Inside the box is what is listed in the table above:
The installation manual is an accordion book of good printing quality. The information is mostly presented in the form of pictures and does not need to be translated, although there is an important note in several languages, including Russian. The company’s website has a description of the system, PDF files with a description of the system and installation instructions, and Cooler Master MasterPlus software for backlight control.
The system is sealed, primed and ready to use. The pump is integrated into one unit with a heat sink. The manufacturer indicates that the water block is two-chamber, apparently the pump chamber is on top, and the heat sink chamber is on the bottom. The heat sink is made of copper. Its central rectangular part (48×41 mm), directly adjacent to the processor cover, protrudes 4 mm relative to the flange with mounting holes. The heat sink planes are ground, but not polished. The working surface is slightly, about 0.1 mm, convex towards the center.
Thermal paste in a small syringe, which, of course, is less convenient than a pre-applied layer. A complete supply of thermal paste should be enough for two times in the case of processors with a small cover area and at economical consumption. The tests used no less high-quality thermal paste from another manufacturer. Looking ahead, we will demonstrate the distribution of thermal paste after all tests are completed. On an Intel Core i9-7980XE processor:
And on the sole of the pump:
It can be seen that the thermal paste was distributed in a thin layer over the entire area of the processor cover, and its excess was squeezed out of the edges. The dense contact area is located approximately in the center and has a large area. Note that the cover of this processor itself is slightly convex towards the center. (The thermal paste distribution, of course, changed slightly when the processor and pump were separated.)

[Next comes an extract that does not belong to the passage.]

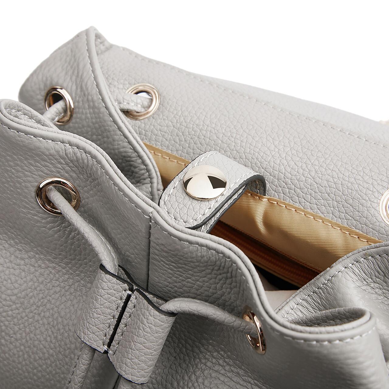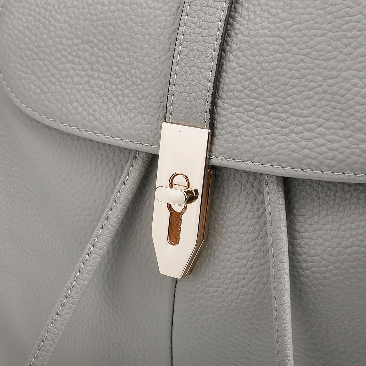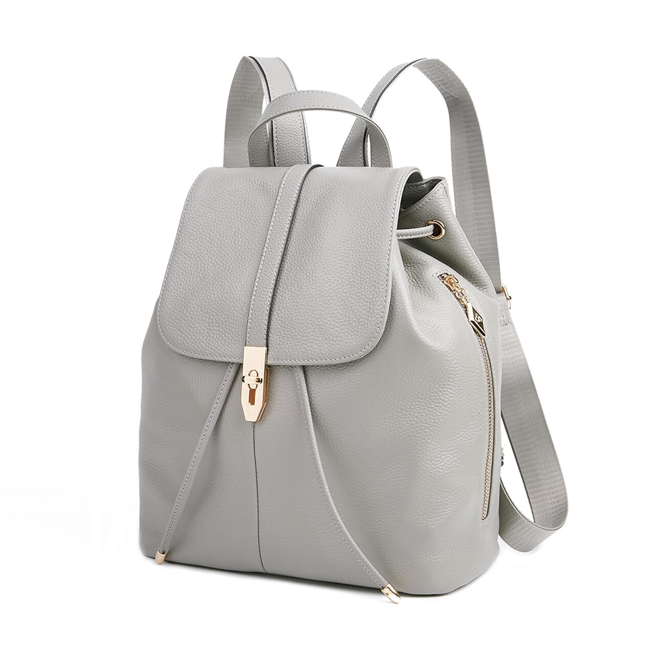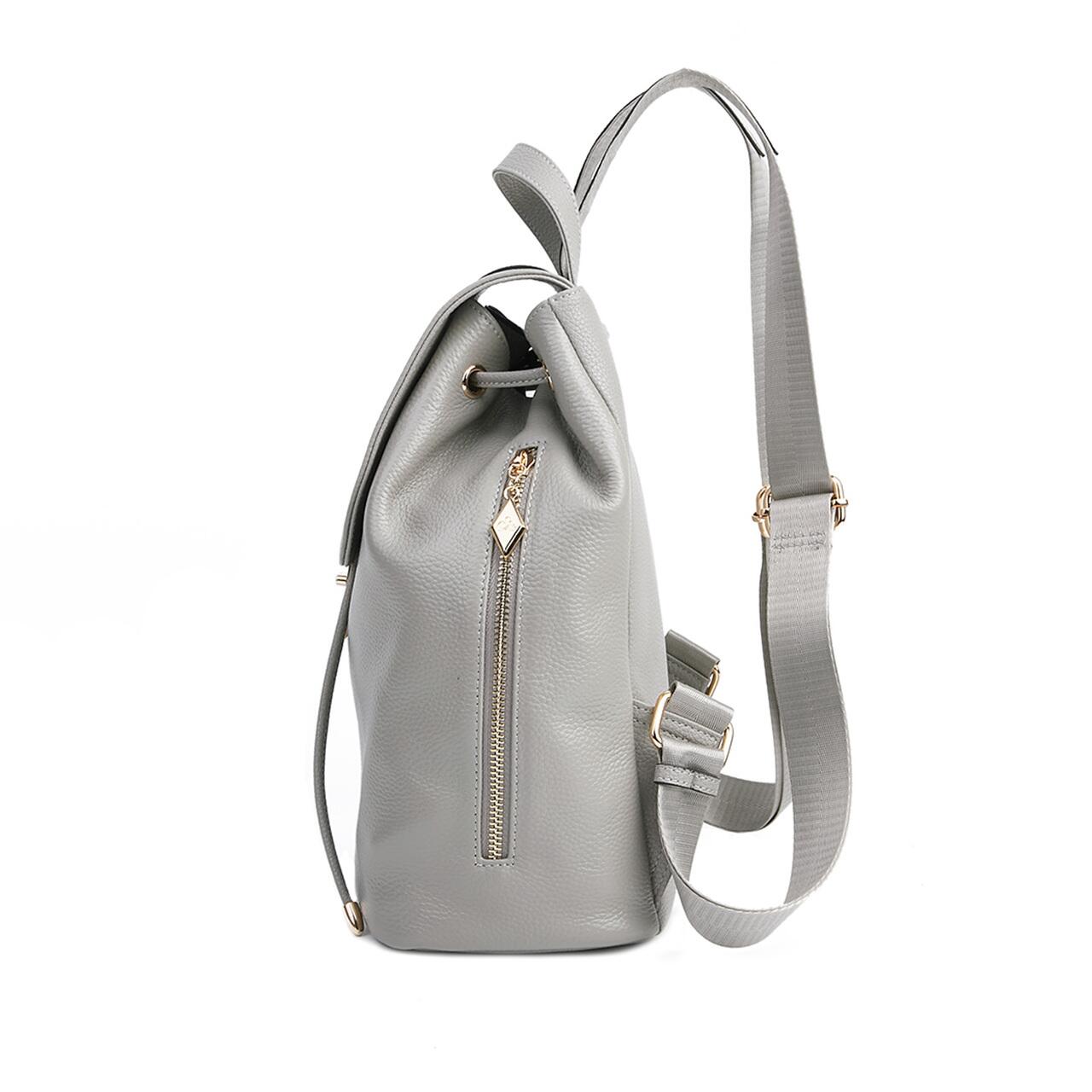 Amplia compartimentación, bolsillos laterales, fina textura de cuero y detalles dorados hacen de esta mochila un compañero confiable para los ritmos urbanos.

In the case of an AMD Ryzen Threadripper 2990WX processor. On processor:
On the sole of the heat sink:
In this case, the working area of the heat sink is much smaller than the area of the processor cover. The tight contact patch is large, but it obviously does not cover all four dies of this processor.
The pump housing is made of hard black plastic. A cover of complex design is fixed on top of the pump. Its main parts are the outer casing made of black plastic, the inner annular diffuser made of white translucent plastic and the disk with the logo on top.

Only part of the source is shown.